Chapter 18 recapitulates much of the previous material in discussing explosives by chemical class and several newly covered compounds are included. Thermobaric explosives, mixtures of fuels and oxidizer (usually air) are described in Chapter 19. Eco-friendly explosives are described in Chapter 20. Pollution resulting from manufacture as well as use must be considered. Use in civilian applications is especially important in functions including blasting, and firearms. Minimizing the use of lead in any form is more beneficial, including use of copper-coated bullets or tungsten-based bullets (which unfortunately are more expensive). Military and civilian use of TNT will continue because it’s cheap although it has been described as a potential carcinogen. High-energy rocket fuels bring their own list of essential criteria (including pollution) and are discussed in Chapter 21.

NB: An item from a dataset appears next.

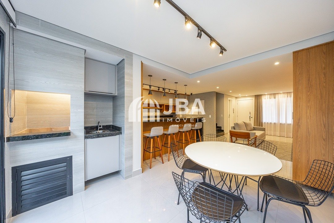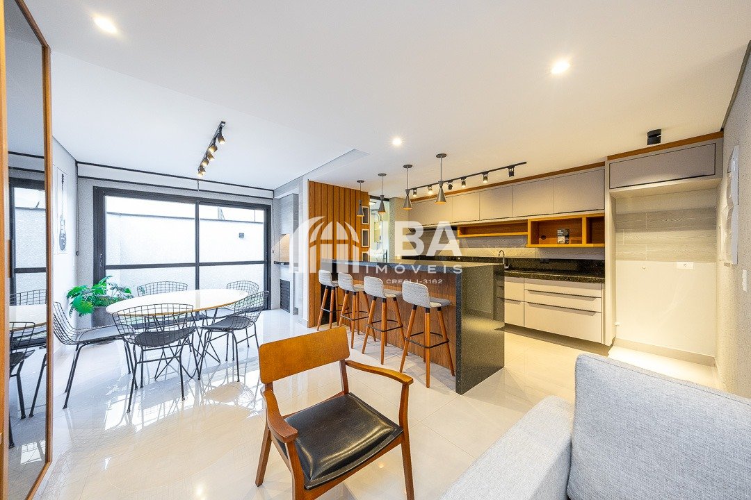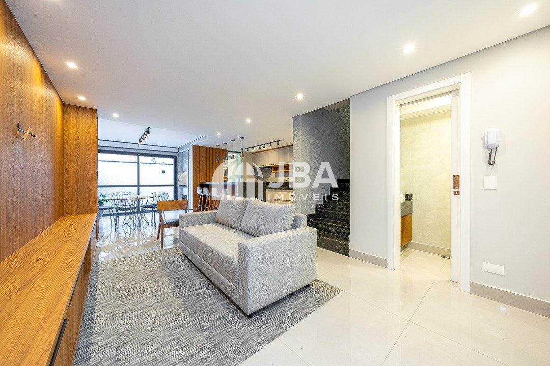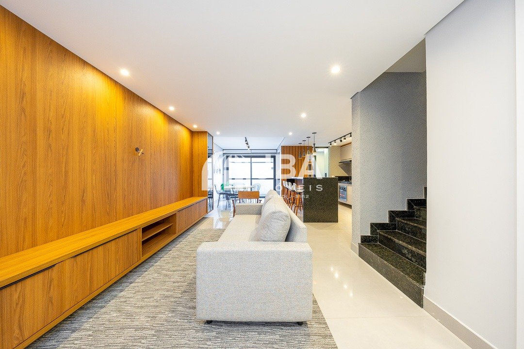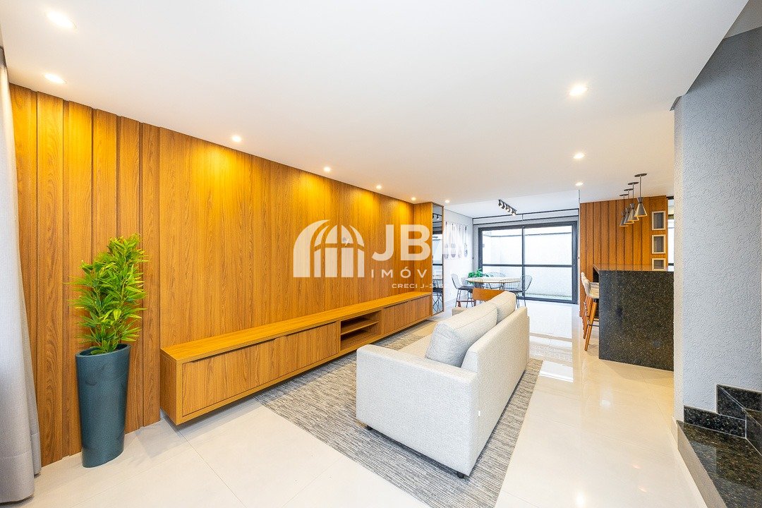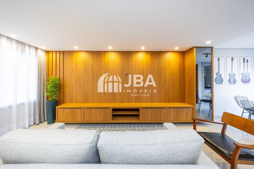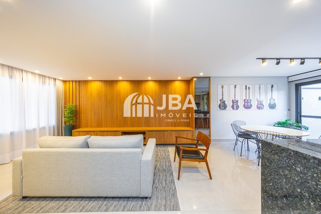 - Ampla sala para 2 ambientes, com acabamento com acabamento em porcelanato de alto padrão, painel de TV, sofá e cortinas, mesa com cadeiras, iluminação em Led;

Lest the reader come to think that the only uses of explosives are for the military (or civilian blasting), Chapter 22 discusses explosives in the home. The very interesting chemistry and history of phosphorus is discussed and answers questions like “how do safety matches work” and “what is in the paper roll caps used in cap guns”. Red phosphorus is quite stable but is easily converted to white phosphorus which is quite shock sensitive and self-ignites in air. Match manufacture is discussed in detail. Carbide cannons, party poppers, and toy rockets are also described.
The blend of the history of explosives and world history in general would probably be more of interest to a general audience. The chemistry, especially the structure/property relationships discussed and chemical energetics, makes this book a valuable supplementary resource for chemistry classes and pedagogy at advanced high school and college levels. Offered at a reasonable price, this book is a must read for many chemical educators.